La fuvelle du cheval.

La fuvelle du cheval.  

Dans la rue du Lavoir, au n°12 exactement, une petite plaque en céramique émaillée est intitulée " la fuvèlo, la fuvelle" : on comprend (même si l’on est chinois ou afghan) que cela veut dire l’anneau (en fer). Mais à quoi pouvait servir cet anneau enfoncé dans le mur ?

  

Cet anneau servait à attacher le cheval, juste à côté de la porte d’entrée. Ces fuvelles (environ une quarantaine sont encore visibles dans les ruelles et sur la place) sont apparemment de simples objets mais que d’histoires pourraient-elles raconter ! 
"objets inanimés, avez-vous donc une âme ?". Pas tous, mais les fuvelles, oui !

  

L’une d’elles se souvient du cheval d’Auguste Giraud qui faisait tous les jours quatre fois le trajet de Camp-Fournier. Après les vignes, il suivait son maître vers les pêchers : les fruits étaient empilés dans de grosses caisses en bois, chargées ensuite sur la charrette peinte en bleu. Pour monter par la calade, il fallait forcer sur les muscles et à l’arrivée quelques gorgées à la cascade faisaient beaucoup de bien. Il était midi, Auguste accrochait son cheval à la fuvelle et mangeait avec Denise : la daube avait mijoté sur le poêle depuis le matin de bonne heure et le beau pain de campagne donnait envie de saucer l’assiette jusqu’à la rendre propre. Quelques minutes de sieste et il fallait redescendre ...

Une autre fuvelle (dans la rue Grande) se souvient du cheval de Rose et Marius Henry : les trajets jusqu’au Pré-Puget, seulement 2 par jour car Rose et Marius prenaient le repas de midi dans la petite bastide, juste à côté des grands peupliers. Le soir, la charrette ramenait du bois pour le poêle et les deux cheminées et au printemps Rose revenait chaque jour avec un bouquet de ses splendides fleurs qu’elle adorait voir dans son jardin. 

A Tourtour, les chevaux étaient un moyen de locomotion, de transport et un outil primordial dans les travaux des champs.

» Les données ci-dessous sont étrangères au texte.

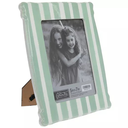 Muestra un recuerdo maravilloso con este marco de fotos de rayas verdes y blancas. Este marco presenta un patrón brillante de rayas verdes y blancas con esquinas ligeramente onduladas. El panel de vidrio frontal mantendrá tu fotografía segura. ¡Agrega una foto de tus hijos o de una divertida acampada!
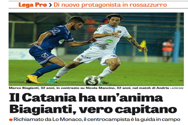 "Il capitano multiuso. Marco Biagianti, secondo qualcuno, doveva essere una semplice icona per traghettare il Catania dalla crisi da risultati,...
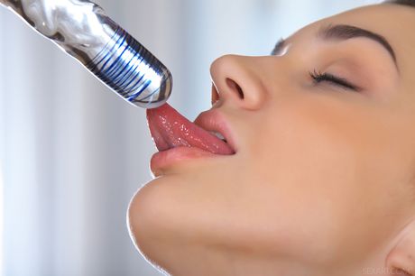 Attractive teen Vanda B licks a dildo after it was in her pussy
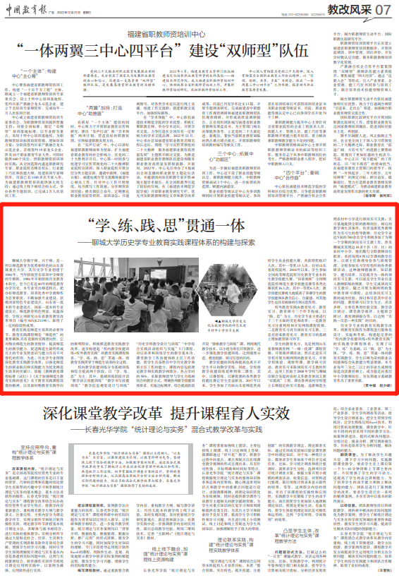 【编者按】12月21日,《中国教育报》第7版以“‘学、练、践、思’贯通一体——聊城大学历史学专业教育实践课程体系的构建与探索”为题,报道了我校历史文化与旅游学院积极推进教育实践教学改革,逐步构建起“校内教学技能训练+校外教育实践”的教育实践课程体系,“学、练、践、思”贯通一体,将教育实践贯穿于师范生培养全过程的典型经验。
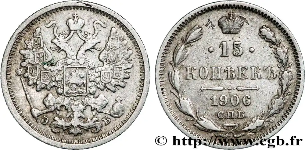 Type : 15 Kopecks aigle bicéphaleDate : 1914Nom de l’atelier/ville : Saint-PetersbourgQuantité frappée : 43367000Métal : argentTitre en millième : 750 ‰Diamètre : 20 mmAxe des coins : 12 h.Poids : 2,62 g.Tranche : striéeCommentaires sur l’état de conservation :Léger nettoyageRéférence ouvrage :KM20/21a.2 AversTitulature avers : B-C.Description avers : Aigle bicéphale héraldique couronné.ReversTitulature revers : (LÉGENDE CYRILLIQUE) * 15 * / КОПѢЕКЪ / 1914 / С.П.Б..Description revers : Légende cyrillique dans une couronne formée d’une branche d’olivier et d’une branche de chêne surmontée d’une petite couronne.Traduction revers : (15 Kopeks) 1914.HistoriqueRUSSIE
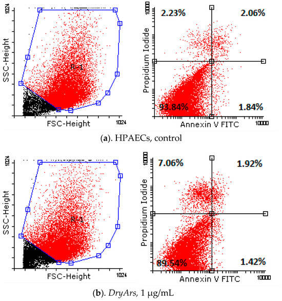 Analyzing the obtained results (Table 5, Figure 3) from testing the cell death of the HPAECs after exposure for 72 h to the BCK extracts using the Annexin V/PI method, a decrease in living cells from 93.84 ± 0.77% (control cells, untreated) to 89.54 ± 2.27% in the case of exposure to the DryAr extract (1 μg/mL), accompanied by a slight increase in the percentage of necrotic cells, from 2.23 ± 0.14% in the case of the control to 7.06 ± 2.99% in the case of exposure to the DryAr extract, was observed. As the extract concentration increased, the percentage of living cells decreased to 80.82 ± 4.86% (DryAr extract, 10 μg/mL), and a new population of dying cells, R2, emerged at 5.30 ± 1.21%, with the percentage of necrotic cells being 7.78 ± 4.20%. In the case of exposure of the HPAECs to the FrozAr extract, a very slight increase in the rate of cells in the early apoptosis and late apoptotic phases, independent of the concentration to which the cells had been exposed, was noted without statistical significance. Notably, no changes were observed for the BCK evaporated juice extract.
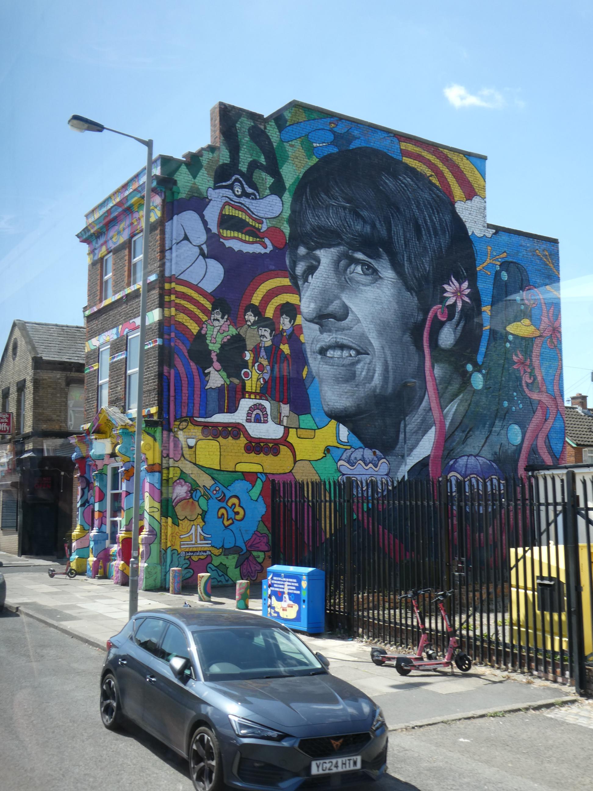 We grabbed a bite to eat on Albert Dock, then boarded our bus for the Magical Mystery Tour of Liverpool. Over the next couple of hours, our guide Charlie and driver Ross took us on a memorable journey through the Beatles’ formative years. We passed some fantastic murals along the route, including a brilliant tribute to Ringo just adjacent to the street where he once lived, at a time when he was better known as Richard Starkey.
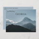 This postcard features a view of Stepantsminda (formerly Kazbegi), Georgia. According to georgia.travel, "Stepantsminda stands out on the map of Georgia, not just for being just eleven kilometres from the northern border of the country, but also due to the fact that one of the oldest crossroads between Europe and Asia passes through the town. It is not known when Stepantsminda was founded, but a treasure hoard from the 6th-5th centuries BCE was discovered here." Photo credit: Slava Auchynnikau, 2024.
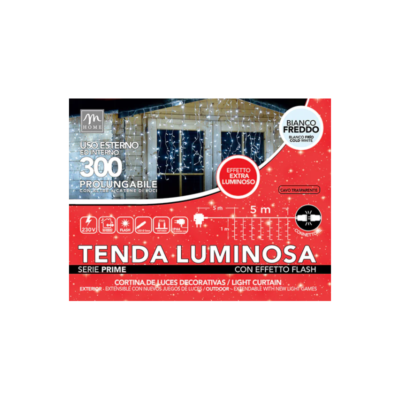 Tenda Luci Natalizie 300 Led Bianco Freddo Effetto Flash Da Esterno 10 mt
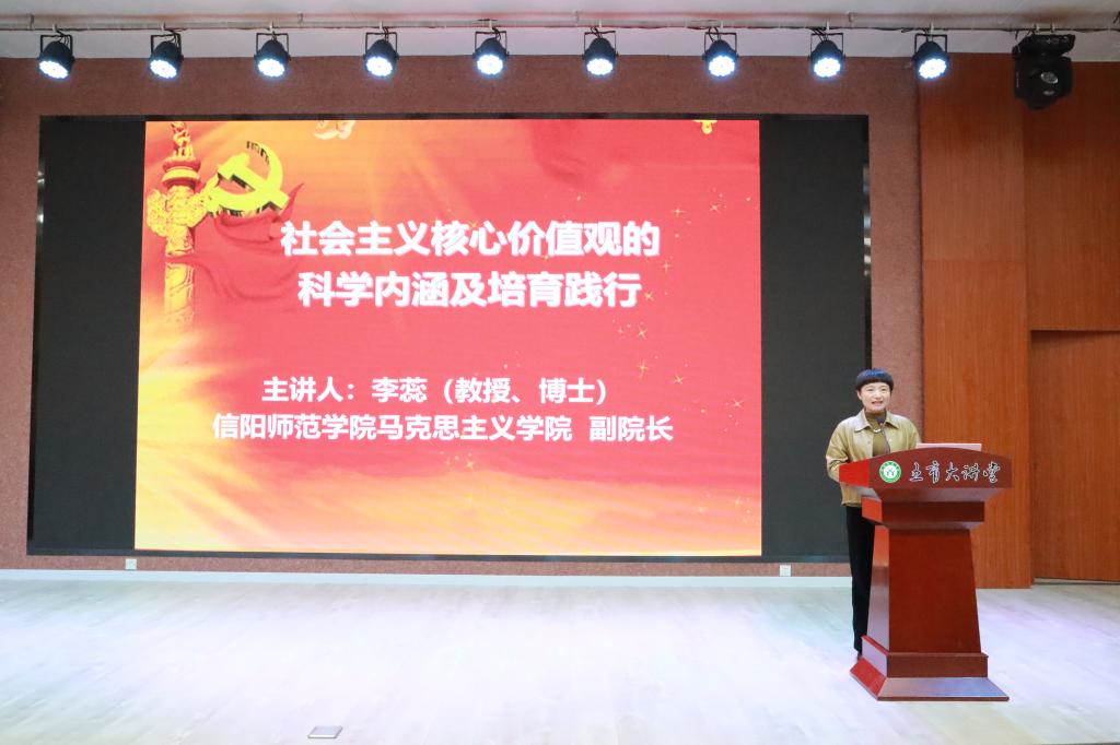 李蕊教授从社会主义核心价值观的提出过程、提出原因、科学内涵、培育践行等四个方面讲述了社会主义核心价值观的科学内涵及培育践行相关问题。她指出,深入学习、准确把握社会主义核心价值观的科学内涵具有重要意义,对推动广大青年学生做社会主义核心价值观的坚定信仰者、积极传播者和模范践行者具有重要指导作用。
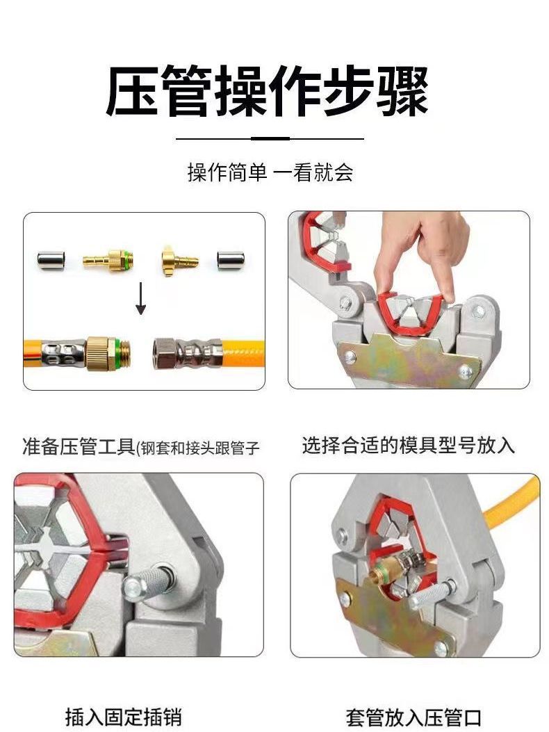 购前需知:这几款压管机仅限压打药管专用,不可以压洗车管、油管、钢丝管、空调管、液压管,清洗机管、天然气管。
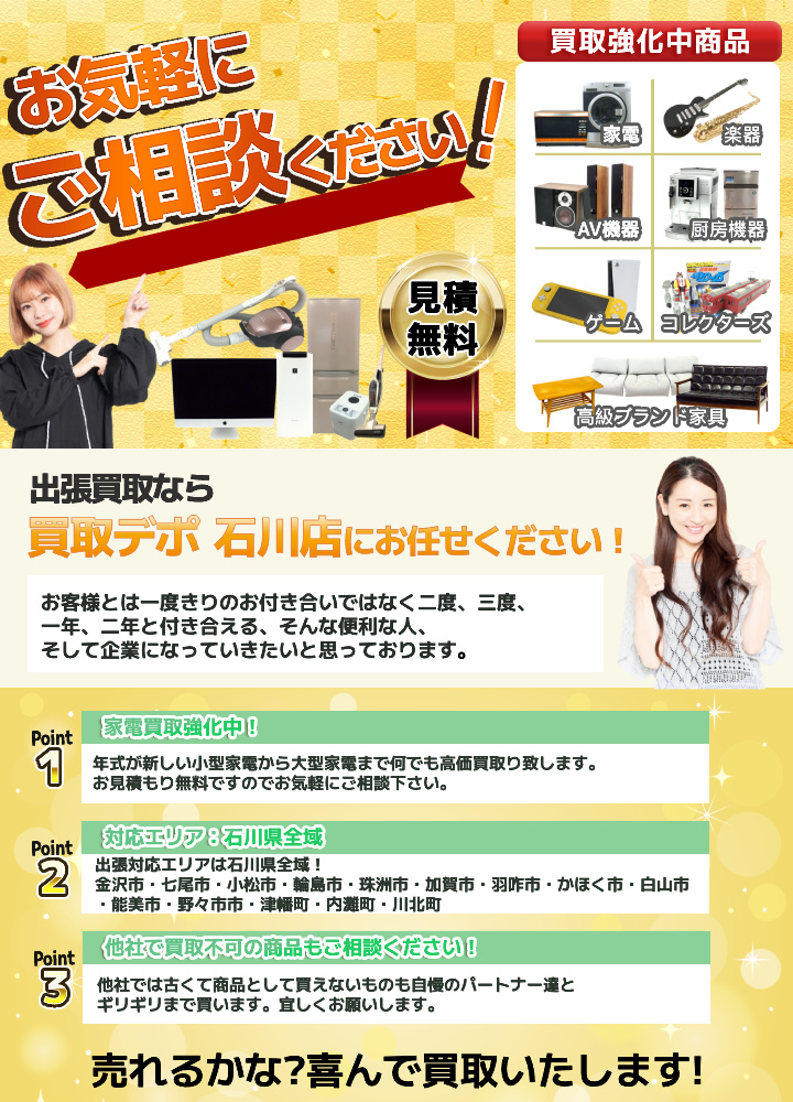 石川県の出張買取のお店一覧。買取に来てくれるお店の一覧です。不用品買取のお店探しならポータルサイト「ウルタス」。高く売りたい、信頼できるお店を探したいならウルタスへ。豊富なクチコミから信頼できるお店を探せます!
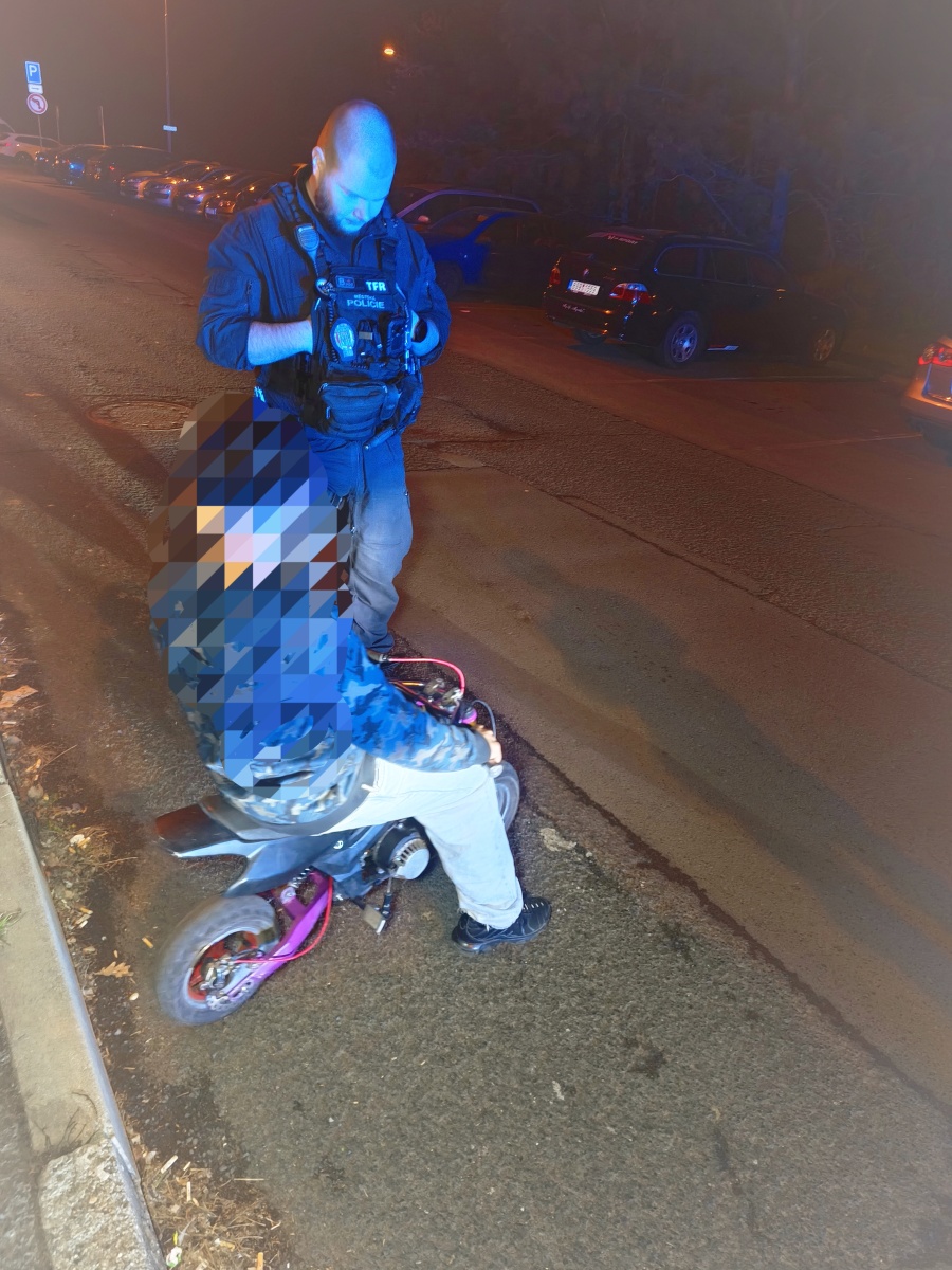 Školák, který se ulicemi řítil pod rouškou tmy, porušil snad všechna myslitelná bezpečnostní pravidla. Jeho stroj nebyl vůbec osvětlen, on sám neměl ochrannou přilbu a hluk motoru se rozléhal celým okolím. Největší šok však přišel ve chvíli, kdy se mladý jezdec pokusil zastavit. Ukázalo se totiž, že stroj má nefunkční brzdy, a chlapec tak zastavil jen s velkými obtížemi na poslední chvíli.
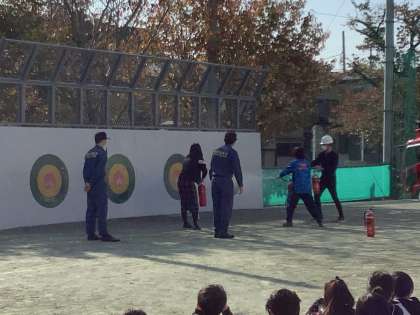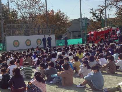 地震・火事を想定してグラウンドに避難しました。
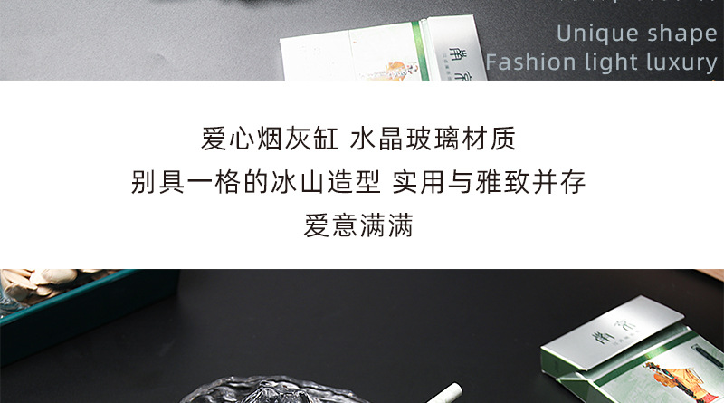 标题:创意冰雪火山时尚水晶玻璃烟灰缸爱心礼品磨砂收纳碟客厅个性烟蝶
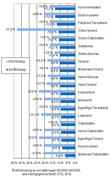 Under juli - september år 2009 minskade omsättningen för småföretag ganska jämnt i alla landskap, men mindre än omsättningen för större företag. Mest minskade småföretagens omsättning i Kymmenedalen (-13,2%), Södra Karelen (-13%) och Päijänne-Tavastland (-12%).
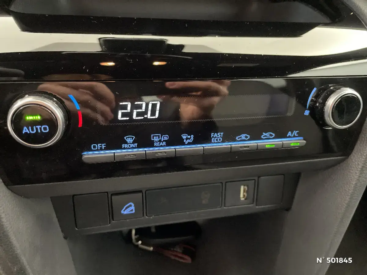 • Système multimédia Toyota Smart Connect : écran tactile 9", navigation connectée et contrôle à distance via l'application MyT (verrouiller/déverrouiller, climatisation et retrouver ma voiture avec allumage des feux clignotants)
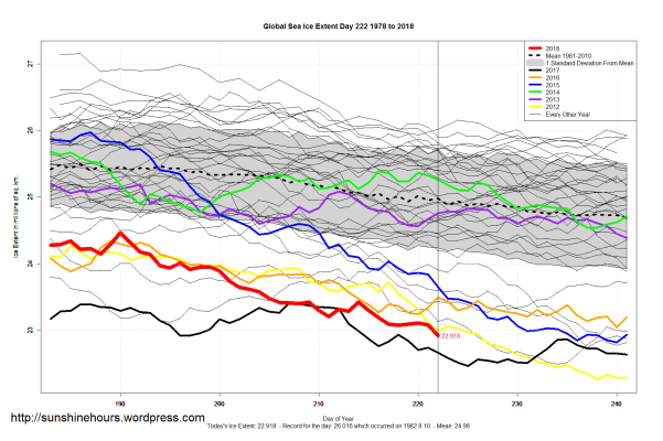 Sea Ice Extent (Global Antarctic and Arctic) – Day 222 – 2018
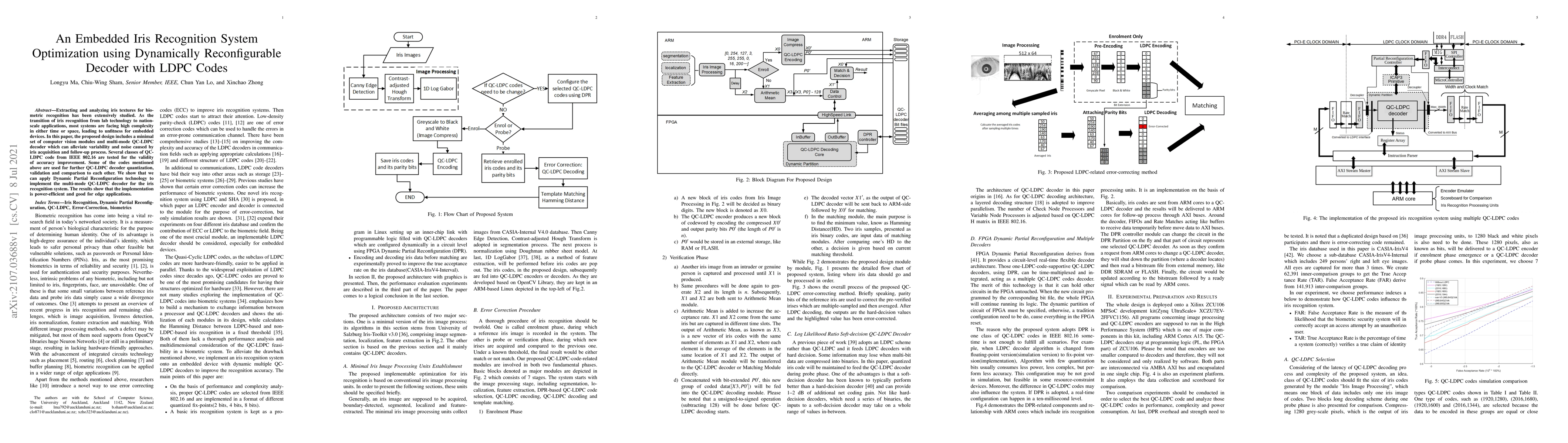 This paper proposes an optimized embedded iris recognition system using a dynamically reconfigurable decoder with LDPC codes to reduce complexity and improve accuracy. The study demonstrates the effectiveness of QC-LDPC codes and Dynamic Partial Reconfiguration technology, showing improved power efficiency suitable for edge applications.
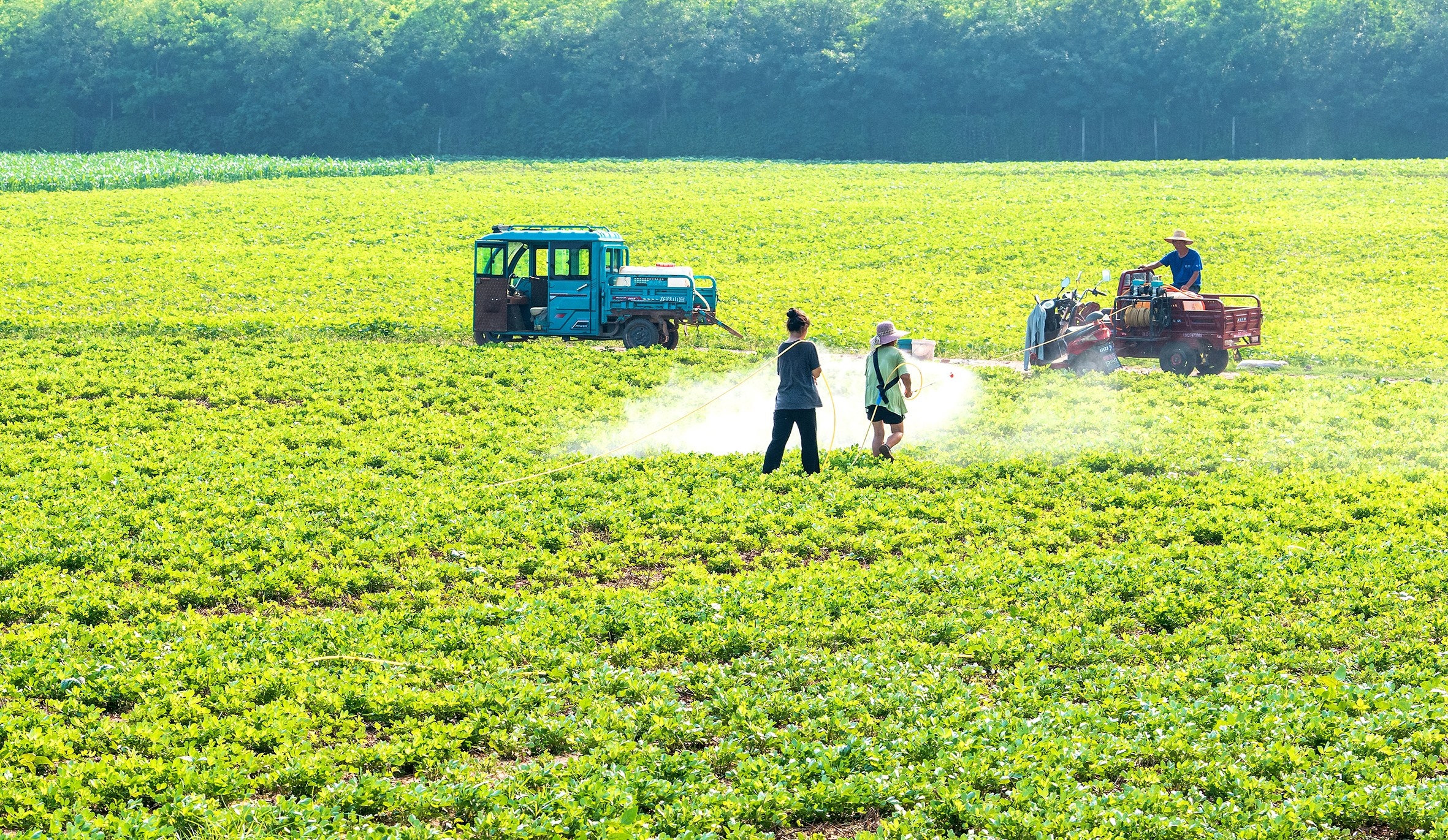 7月7日,襄城縣丁營鄉(xiāng)廟府村村民在為花生噴施葉面肥。小暑時節(jié),雨過天晴,秋苗進(jìn)入旺長期,為穩(wěn)單產(chǎn)、保豐收,該縣號召基層干部群眾,加強(qiáng)田間管理,確保秋糧豐產(chǎn)豐收。 簽約攝影師 劉喜芳 攝
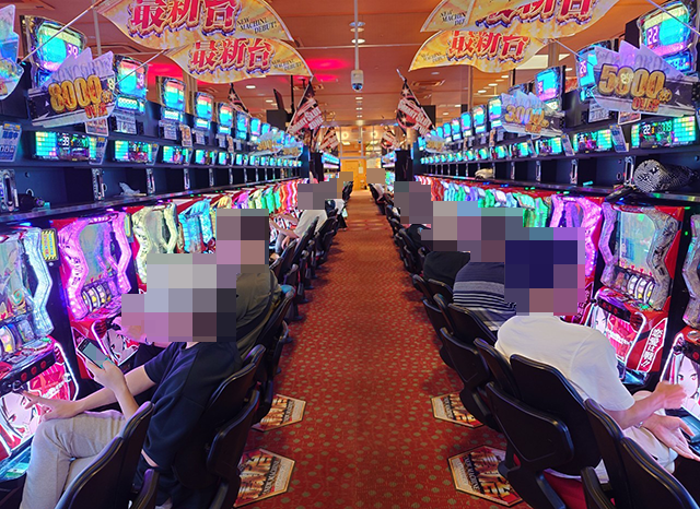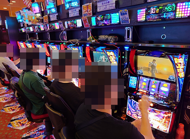 全体的に稼働率が高く、夕方頃もたくさんのプレイヤーが遊技を楽しんでいた。

On dit "cheval de trait" mais quelles sont les particularités de cette famille d’équidés ? 
Quelques petits renseignements.... 

Un cheval de trait est un cheval appartenant à une race sélectionnée pour ses aptitudes à la traction de véhicules de toutes sortes (roulottes, chariots, tombereaux, etc.) ou d’instruments agricoles (charrues, faucheuses, râteaux, etc.). Durant la première guerre mondiale, le cheval de trait a joué un grand rôle dans le transport des canons (et pour les obus).

L’emploi de chevaux de trait s’est développé durant la révolution industrielle pour le transport, notamment le halage en transport fluvial avec le développement de réseaux de canaux aux XVIIIe et XIXe siècle et il a accompagné largement la mécanisation de l’agriculture. Dans les pays développés, leur utilisation pour le travail a ensuite pratiquement disparu dans le domaine agricole ou militaire, ainsi que dans le transport face à la généralisation de la motorisation (tracteurs surtout) et il ne subsiste pratiquement que dans le domaine du loisir (promenades en roulotte, un peu comme Olivier et ses ânes). Il reste important dans certains pays en voie de développement concurremment avec celui d’autres animaux de trait comme le bœuf, le buffle, le zébu, le dromadaire voire l’éléphant.

Après la Seconde Guerre mondiale, en Europe, les utilisations des chevaux de trait en tant qu’animal de travail disparaissent progressivement et l’élevage des chevaux lourds n’a plus pour seul débouché que la boucherie. Ce changement a eu pour conséquence un alourdissement des morphologies, au détriment parfois des aptitudes physiques. L’hippophagie a probablement et paradoxalement permis de maintenir la diversité des races de trait, jusqu’aux années 1990 où l’attelage de loisir et de travail entraîne une nouvelle demande.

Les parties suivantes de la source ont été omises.